What impact do you think your story will have in Nigeria and Africa?

With this, I believe whoever wants to misbehave will first have a little spark of doubt at the back of their mind that there is one crazy journalist somewhere who is communicating with people in this company, just for the fact that little consequence had been established. Nigerians respond to consequence. For instance, the guy who promoted the MMM in 2016 fled the country after the scheme collapsed and people were really angry with him. That guy is back on Facebook now and he is some sort of motivational speaker and he till gets positive replies. Everybody has forgotten so soon that this person stole N3 billion from Nigerians; there was just no consequence.

I feel like these are the reasons people continue doing these things; they feel like there are no disincentives for doing wrong things and so by implication, there are also no disincentives, and now that a disincentive has been established, even if nothing happens GB, which is unlikely, but even if nothing happens to him, the fact that his name and personal brand have taken a beating and because the things he has done have become public, just that alone is enough to give some people pause if they want to misbehave next time.

It doesn’t mean that people are going to start behaving well; I am not naive enough to think that one story will change the Nigerian tech space. People will still misbehave, but if even one of them stops doing it, or thinks twice about doing it, then I think the goal has been accomplished.

How would the development impact the airline and the bank mentioned in your report?

In the case of Arik Air, it is no longer news that they have been under AMCON’s watch. Technically, this was government corruption. The Nigerian government being corrupt isn’t exactly something new.

But with regards to Access bank, I have spoken to certain people who made me understand that while it seemed that Access bank was cooperating with Flutterwave, GB was actually just defrauding the bank.

It was a case that the GMD had basically given an instruction to give GB all the assistance that he needed because the GMD was under the impression that GB was building a solution called Capture Payment Solution for the bank, meanwhile, GB was building out that thing for his own personal enrichment. He went ahead to register Flutterwave without any single bit of equity from Access bank or from the GMD of the bank.

So basically, all the GMD was aware of was that Capture Payment Solution was the future and he was going to own a piece of it, because banks were not allowed to own non-banking subsidiaries as the holding structure wasn’t a thing in the Nigerian bank as at then. It was his own personal investment, he had equity in the capture payment solution and it was GB’s job to build that capture solution and GB diverted the resources to build out what layer became Flutterwave.
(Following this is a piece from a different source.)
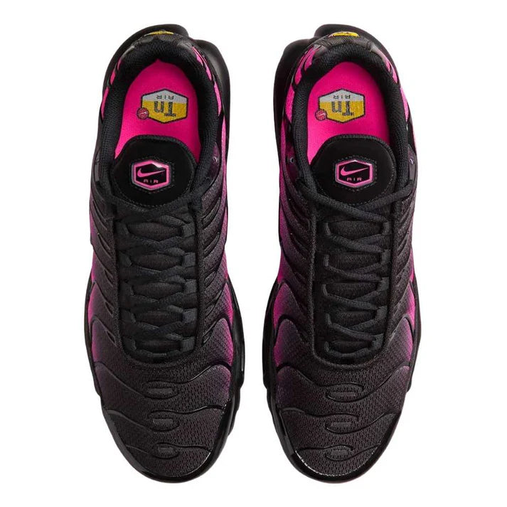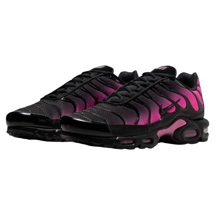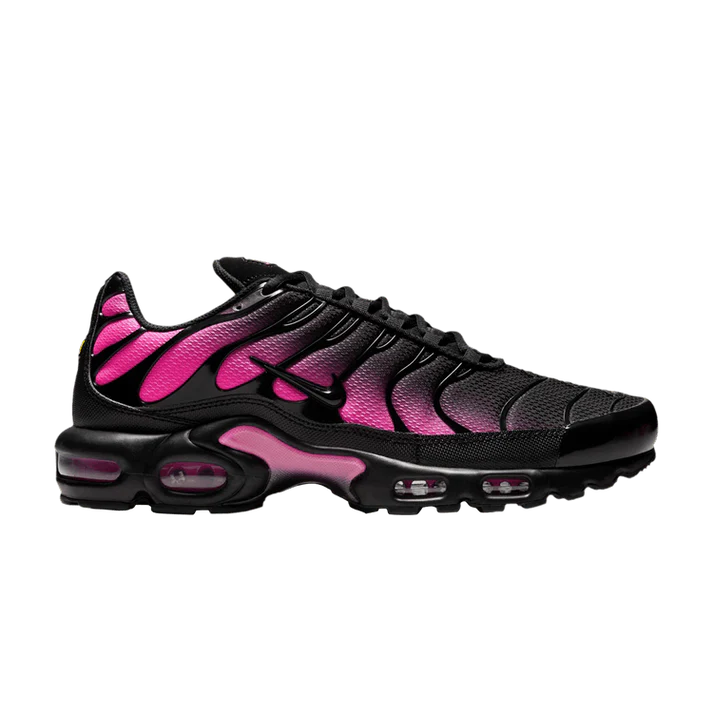 The Nike Tn "Hyper Pink" breaks from convention with a bold and unapologetic color scheme that challenges the norms of typical men's Nike Tn releases. Featuring a striking diagonal ombré gradient, the design transitions seamlessly from jet black at the toe box to an intense hot pink at the heel — a visual that commands attention to the the silhouette. The decision to pair such a vibrant pink with a traditionally masculine model like the Tn (Air Max Plus) pushes boundaries and embraces a more fluid approach to sneaker style.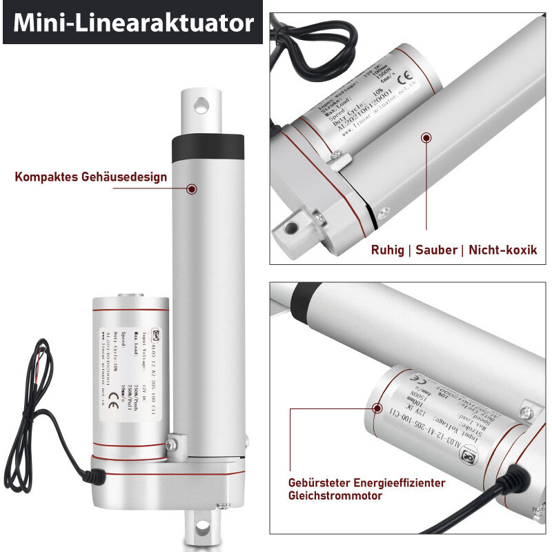 Brauchst du zuverlässige Bewegungstechnik? Der Einfeben Linearmotor mit 12V DC und 1500N Kraft ist dein Allrounder für viele Projekte! Ob für höhenverstellbare Tische, Massagesessel, TV-Lifter oder Toröffner - dieser Motor bewegt bis zu 337 lbs (153kg) sicher und präzise. Mit 300mm Hubweg und nur 5.7mm/s Geschwindigkeit arbeitet er super leise (<50dB). Aus Aluminiumlegierung, mit integrierten Endschaltern und Metallgetriebe. Einfache Installation: Roter Draht an Plus, schwarzer an Minus - schon geht's los! Perfekt für Heimwerker, Industrie oder Landwirtschaft. Temperaturbereich von -26°C bis +65°C - hält also einiges aus. Übrigens: Nicht wasserdicht, also besser nicht im Regen stehen lassen!

It was so terrible that during the 2018 audit, when this whole thing was discovered, the GMD closed down Capture Payment Solution and when he did, he discovered that even the developers on payroll had never actually been working on it. They had been working on building Flutterwave all the time and they just moved location and continued working for Flutterwave.

There were two main reasons why Access bank and the GMD never really took this up. First was, it didn’t portray the bank in a good light that its internal control was so weak. The boss gave an instruction and nobody asked questions. There were a lot of financial irregularities going on but and those were the things that the bank was supposed to catch. But because GMD had said something, even though he was under the wrong impression, it didn’t portray the bank in a good light.

Secondly, if it entered the public domain, as it is doing now, that one 37-year-old upstart was able to cheat one of the individual institutions of Nigerian banking, then it meant that somebody else could do it and people would line up and start trying their luck basically. But I can tell you for a fact that that bank is not in tandem with GB at all.